Wednesday, February 1, 2012

Inception and Postmodern Tragedy?

I’m still trying to clarify how to explain what I see in Inception, which I see as a postmodern tragedy, a phrase that is oxymoronic, yet captures for me the qualities of the film. It has that postmodern focus on fluidity in reality, the failure of humans to discern an externally situated reality and the even more significant fluidity of the internal self-story, that seems to “ground” it. The impossibility of humans to come to terms with the condition of “fluidself” seems the heart of postmodern tragedy, and the film does offer a series of gestures—perhaps more accurately a series of stories—aimed toward that sublime moment when the self—in this case, both character and viewer—has moved through some sort of liminal zone of dreamscapes and stories within stories into an understanding of what? The inapproachability of self? Impossibility of becoming?

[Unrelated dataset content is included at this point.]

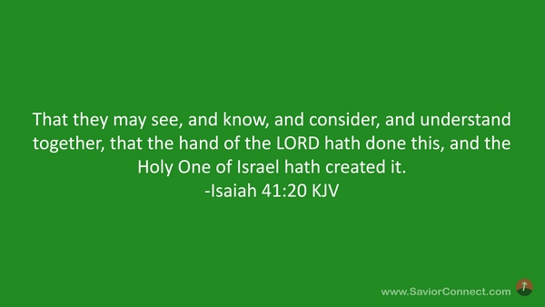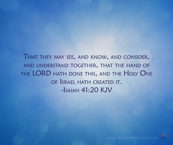 That they may see, and know, and consider, and understand together, that the hand of the LORD hath done this, and the Holy One of Israel hath created it. -Isaiah 41:20 KJV

By virtue of this story the viewing self only sees the shimmer of a self in a slightly warped scene—or is it a mirror image staring back, mirror within mirror, receding mirrors and stories and truths—and . . . and the whole scene-of-self converges on this single story theme, that singularity of story is impossible. This is the moment of the anagnorisis that may not be, the sublime impossibility of anagnorisis. This is the gesture of self in a scene both folding inward upon its set and collapsing outward at the same time. This is the gesture of self in a plot that must be believed yet is implausible, a mere gesture moving toward something profound at the same time it falls off . . .

All this is too too abstract to make any real sense. Let me root it in that which is sensate, the body rather than the mind. My mind has no idea which narrative, if any, the filmic framework asserts as real. Dom’s top may have stopped spinning . . . or be spinning still. But does that matter? What if I embrace the anagnorisis that may not be? Then I am physically, vertiginously drawn toward a collapsing cliff, to sit upon a vertical structure about to be sliced away. This urge to construct a single story up and through all other layers of story falls away. I like that feeling of free fall toward nothing at all, not being so “Romantic” or “Modern” as to need either externally-formed top-layer narrative or some sort of deep-buried core-story.

Sliced away from the scene, looking down upon it, I cannot help but imagine the self/story as a set of grainy film frames in an eternally looping oroboros. As if I am a character (an object looking like a human) seeking the pleasure of the fall, and my story is of a fall forever nowhere toward the never enough of story. This sounds like tragedy, this condition of having no self/story—not even a loop of film—to cut away or splice into.

Only the gesture of a sharp collapse—collapse of meaning language image story―cutting viscerally through . . . that’s the postmodern gesture. An ever imminent evisceration of an immaterial cliff face. The sublime frame of a human face of cliff always ever crumbling away. Katharsis in freefall toward indefinite shimmer. The Inception of postmodern tragedy.